* [Prompt] The lines from the one containing "extract from book." through the last one in the data: please copy those exactly, and only those, without the pictures.

* [Provided material]

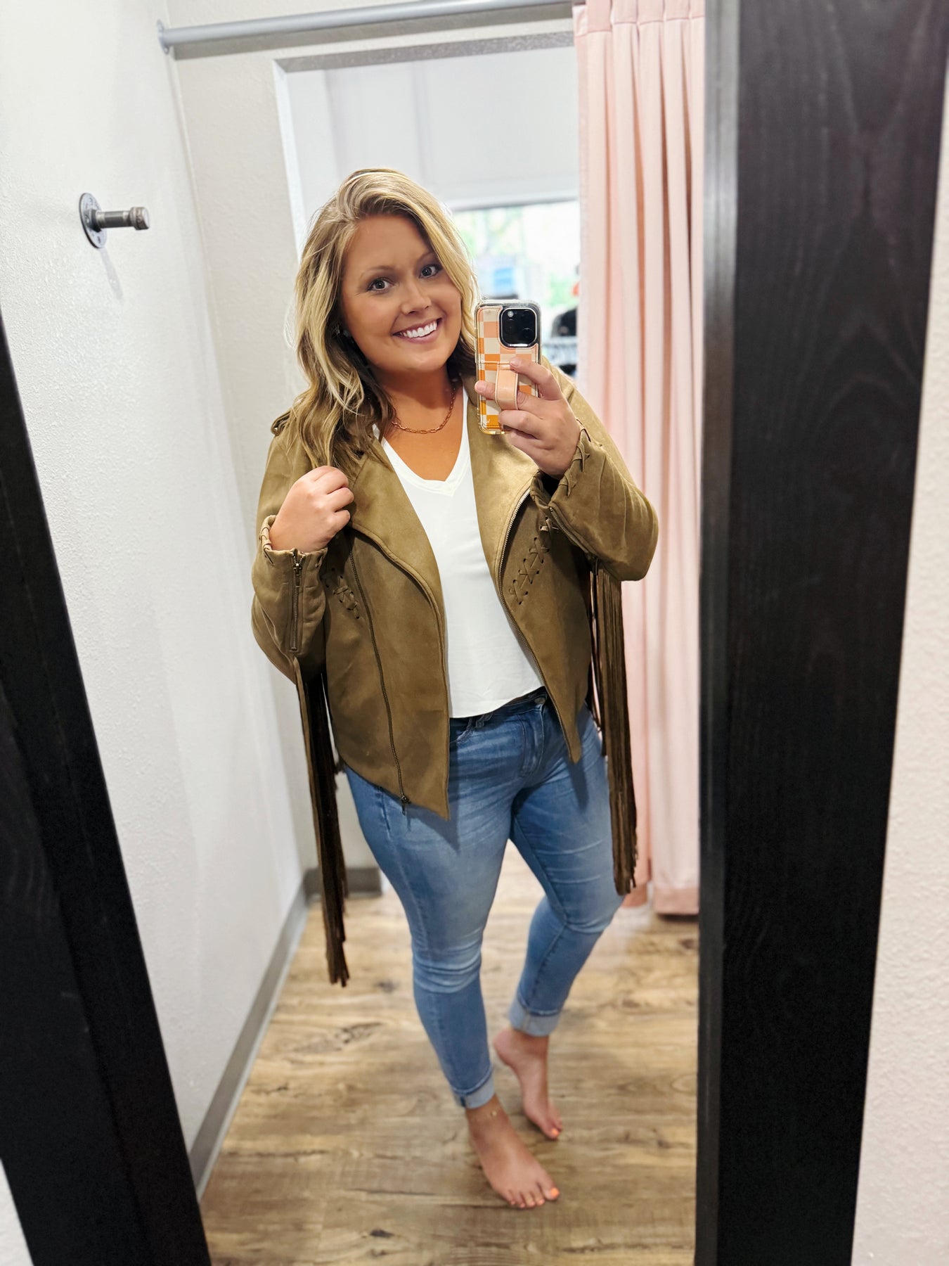 Sude Like Moto Jacket w/ X Stitch Detail, Side Zipper and Fringe on Back and Sleeves
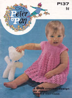 *Peter Pan P137: Great vintage baby crochet dress pattern 1969. This lovely pattern is for little dress to fit 20 inch chest and is worked indouble knitting yarn includes little flap with The Lost Shodow extract from book.
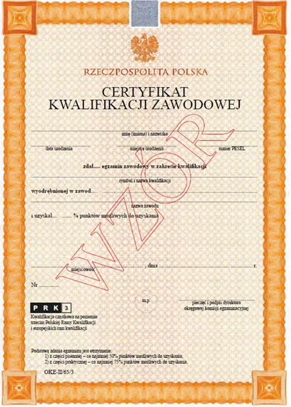 1. Zaświadczenie ukończenia kwalifikacyjnego kursu zawodowego
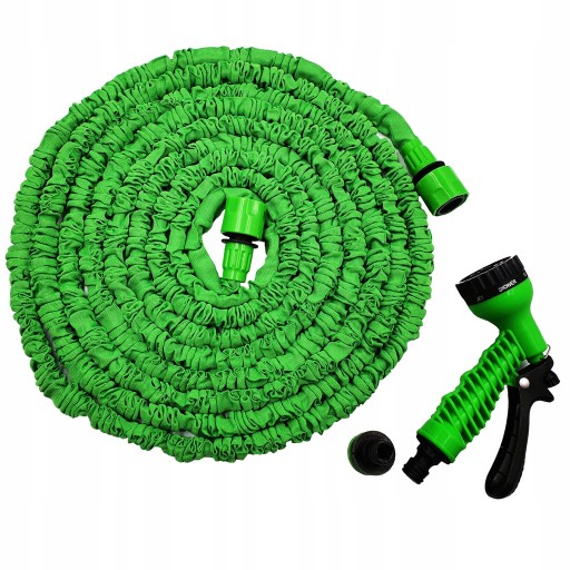 Przedstawiamy rozciągliwy wąż ogrodowy wykonany z elastycznego materiału. Wąż jest odporny na działania różnych czynników pogodowych.

* [Reply to the exercise]
 *Peter Pan P137: Great vintage baby crochet dress pattern 1969. This lovely pattern is for little dress to fit 20 inch chest and is worked indouble knitting yarn includes little flap with The Lost Shodow extract from book.
 1. Zaświadczenie ukończenia kwalifikacyjnego kursu zawodowego
 Przedstawiamy rozciągliwy wąż ogrodowy wykonany z elastycznego materiału. Wąż jest odporny na działania różnych czynników pogodowych.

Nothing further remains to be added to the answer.